Ничего подобного. Их вообще нет. Ни одной.

Само собой разумеется, я знал об этом ещё до приезда в Александрию. Но однажды сия мысль ударила меня, словно обухом по голове, и я вскипел от гнева. В тот вечер я напился и буянил, переходя из кабака в кабак. Никто не слушал моих негодующих речей. «Мальчишка просто мелет вздор», — сказал один. «Поезжай лучше в Карфаген — выплакаться на груди у мамочки», — посоветовал другой. «Говори по-гречески и молчи на своём родном языке», — раздражённо молвил третий. Конечно, они правильно делали, что не слушали меня: в тот раз я был почти невменяем. Но разве моя идея не была ясна как день? Нет, в Александрии истину предпочитали считать заблуждением и пустым звуком. Она оставалась сокрытой от всех, кроме меня, который пытался показать её.

Друзья притащили меня домой — предварительно наложив повязку на мои уста. Я вёл опасные речи, в частности, политические: о Птолемеях, о том, что их власть зиждется на мародёрстве. Дескать, усыпальницу Александра Великого нужно снести, а его золотой саркофаг отправить туда, где ему самое место, то бишь в Македонию, в Пеллу; бедным египтянам, которых все презирали, в которых не видели людей, в особенности так называемым «царским крестьянам», я советовал поднять мятеж, изгнать деспотического правителя с его придворными, посадить весь этот сброд на их увеселительный корабль, который не в состоянии плавать. «Топите его! Топите! — шумел я. — Очистите Александрию от скверны!» Мы, финикияне, всегда ценили достойную уважения культуру Египта и его древнее государственное устройство. Неужели никому не известно, что новый Птолемей, тот, кого называют Филопатором, вытатуировал себе на теле лист плюща — в честь Диониса — и что весь его двор предаётся вакханалиям?

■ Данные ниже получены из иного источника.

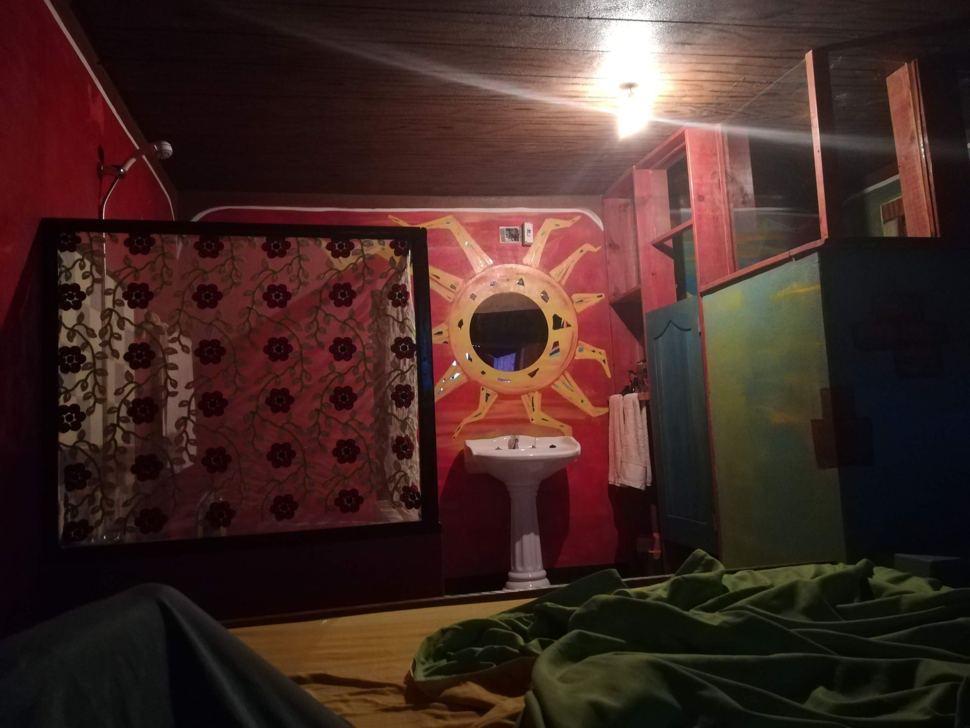 In der „Black Mamba“ werden wir von Liane empfangen, einer temperamentvollen, rothaarigen Italienerin, die dieses Hippie-Hotel betreibt. Wir bekommen ein sehr schönes, sehr buntes Zimmer in diesem verschachtelten Gebäude, bei dem man manche Zimmer nur über Leitern erreicht. Wir gelangen zu unserem Zimmer zum Glück über eine ganz normale Treppe, die zur vorderen Dachterrasse und von da aus zu diversen Zimmern führt. Dusche und WC sind direkt im Zimmer und nur durch eine halbhohe Pendeltüre vom Zimmer abgetrennt. Claudia weist mich gleich an, dass ich das Zimmer zu verlassen habe, wenn sie aufs Klo muss. WLAN gibt es nur draußen auf der Terrasse und unten im Lokal. Und Liane hat offenbar einen Hass auf ihren Ex, denn das Passwort lautet: KILLBILL!

По-видимому, никто, кроме меня, не замечал изначальных заслуг финикиян перед высокой культурой. Сия истина ускользала от всеобщего внимания. Ни единой фразы, ни единого слова от тех, кто выиграл за счёт нашего изобретения. Разве беда, что наша литература не заняла сколько-нибудь достойного места? Этому горю могли бы помочь настоящее и будущее, могли бы помочь мы сами, современные карфагеняне, — только бы нам выпал шанс, только бы была создана благоприятная культурная обстановка, только бы к нам проявляли больший интерес, большую восприимчивость, только бы на нас снизошла благодать. Недостатки можно устранить, упущения — исправить, раны — залечить. Однако всем на свете необходимо знать нижеследующее (причём без моих напоминаний, будь то мучительно-страстных или выдержанных в спокойном тоне).

Если бы финикияне не изобрели алфавит, не было бы ни книжных свитков, ни библиотек, ни десятков тысяч читателей в разных концах ойкумены; уверяю вас, все рукописи остались бы ненаписанными, а все их мысли — невысказанными, ибо не существовало бы букв. Попробуйте-ка и дальше высекать в камне иероглифы и выжимать на глиняных табличках слоговые клинышки, посмотрим, много ли вы успеете. Разбудите бардов, приманите рапсодов, позовите гистрионов и комедиантов, посадите всех детей за зубрёжку, и вы обнаружите полную невозможность удержать в памяти созданную к сегодняшнему дню колоссальную литературу. Хранящиеся в библиотеках толстые, солидные труды, которые были созданы благодаря нашей звукобуквенной письменности, ни в коем случае не могли бы передаваться изустно. Иными словами, эти труды вообще не могли бы появиться на свет. Вероятно, мы бы ещё не вышли из пелёнок, уповая на богов.